Yağmur olağanca hızıyla yağarken, aklımdan onlarca görüntü ve düşünce geçiyordu. Cindy'nin şu dört yılda bana yaptıklarını düşünüyordum. Hepsi birbirine girmiş gibiydi.

Cindy ile, lisenin ilk yılı tanışmıştık. Ben daha dışa dönük, o ise daha içine kapanıktı. Benimle takılmaya başladıktan sonra iç dünyasından sıyrılıp aramıza karıştı.

O bizim aramıza karışırken, benim aklımı da karıştırıyordu. Cindy, dışarıdan bakıldığında benim en yakın arkadaşımdı ama benim iç dünyamda öyle olmadığını biliyordum içten içe.

Kendimi sekizinci sınıfta keşfetmiştim. Hemen ön sırada oturan, Georgia diye bir kızdan hoşlanıyordum. Ona karşı hissettiğim duygular, Cindy'e hissettiğim duygular kadar yoğun değildi ama kendimi keşfetmemi sağlamıştı. Bundan haberi olmadı tabii hiçbir zaman. Sonrasında da zaten liseye geçtim ve bir süre sonra Cindy ile tanıştım. Üniversitede de Cindy ile birlikteydik. Aynı okulu kazanmıştık. Bunun için epey uğraşmıştık.

"Okyanusun seni korkuttuğunu söylemiştin." diyen sesle bedenim titredi. Sertçe yutkundum.

"Öyle." dedim sadece. Okyanustan korkardım. Sonsuzdu ve karanlıktı. Cindy'den de korkuyordum. Okyanusu andırıyordu. Daha doğrusu, Cindy'i sevmek okyanusa bakmak gibi hissettiriyordu bana. Korkuyordum onu sevmekten ama şimdi...

"Ama şimdi burada oturmuş okyanusu izliyorsun." dedi. Yağmur hâlâ dinmemişti ve ben hâlâ Cindy'nin yüzüne bakmamıştım...

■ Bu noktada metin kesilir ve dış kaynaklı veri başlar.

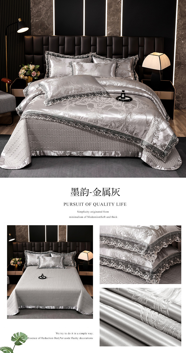 (总)提花大世界 2026新款直播爆款水洗真丝天丝贡缎提花夹棉床盖花边四件套,波西花园-浅豆沙,花间-金驼,花开-粉玉,墨韵-金属灰,奈欧莎-深豆沙,雅布洛-祖母绿,英伦时尚-绿

"Aşktan da korkuyordum ama başıma geldi. Hem de en korktuğum kişiye aşık oldum. Sanırım benim kaderim bu. Korktuğum ne varsa başıma geliyor. Ben de korkularımın üstüne gitmeye karar verdim ve buna okyanusla başladım." dedim ve bakışlarımı ona diktim. Elinde şemsiye vardı. Yağmurda ıslanmıyordu. Zaten benimle ıslanmayı göze almamıştı hiçbir zaman. Bu cümlenin yağmurla alakası yok.

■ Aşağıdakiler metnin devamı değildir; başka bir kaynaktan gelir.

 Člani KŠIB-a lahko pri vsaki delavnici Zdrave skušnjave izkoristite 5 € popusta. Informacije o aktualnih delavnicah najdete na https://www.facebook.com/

"Ah Alice." derken başını salladı iki yana. "Hasta olacaksın. Hem soğuk hem yağmur yağıyor ve sen yağmurun altındasın. Kafayı yemiş olmalısın." dedi. Burukça gülümsedim. Beni düşünüyor olması hâlâ aptal gibi umutlandırıyordu.

"Beni düşünme." dedim ve ayağa kalktım. "İyiyim ben." dedim ama aslında iyi değildim ve Cindy bunun farkındaydı.

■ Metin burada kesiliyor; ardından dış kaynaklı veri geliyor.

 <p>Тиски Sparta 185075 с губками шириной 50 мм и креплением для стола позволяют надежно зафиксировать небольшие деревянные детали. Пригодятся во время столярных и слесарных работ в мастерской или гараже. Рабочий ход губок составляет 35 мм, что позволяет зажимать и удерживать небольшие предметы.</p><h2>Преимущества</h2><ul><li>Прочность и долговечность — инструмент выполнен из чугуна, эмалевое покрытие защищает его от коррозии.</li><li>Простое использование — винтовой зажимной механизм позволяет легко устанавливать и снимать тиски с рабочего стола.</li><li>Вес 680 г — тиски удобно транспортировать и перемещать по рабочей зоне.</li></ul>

"Evet, bunu görebiliyorum." dedi alayla. Az önceki dediklerimde aşık oldum dediğim kişinin kendisi olduğunun da farkındaydı. Bunu biliyordu. Yaşanmışlıklarımız vardı ve o hiç yaşanmamış gibi davranıyordu.

Canımı en çok da bu yakıyordu.

"Neyse..." dedi ve elini çantasına attı. "Ben sana bir şey getirdim." dedi ve bir şey çıkardı. Krem renkli bir zarf çıkarıp bana uzattı.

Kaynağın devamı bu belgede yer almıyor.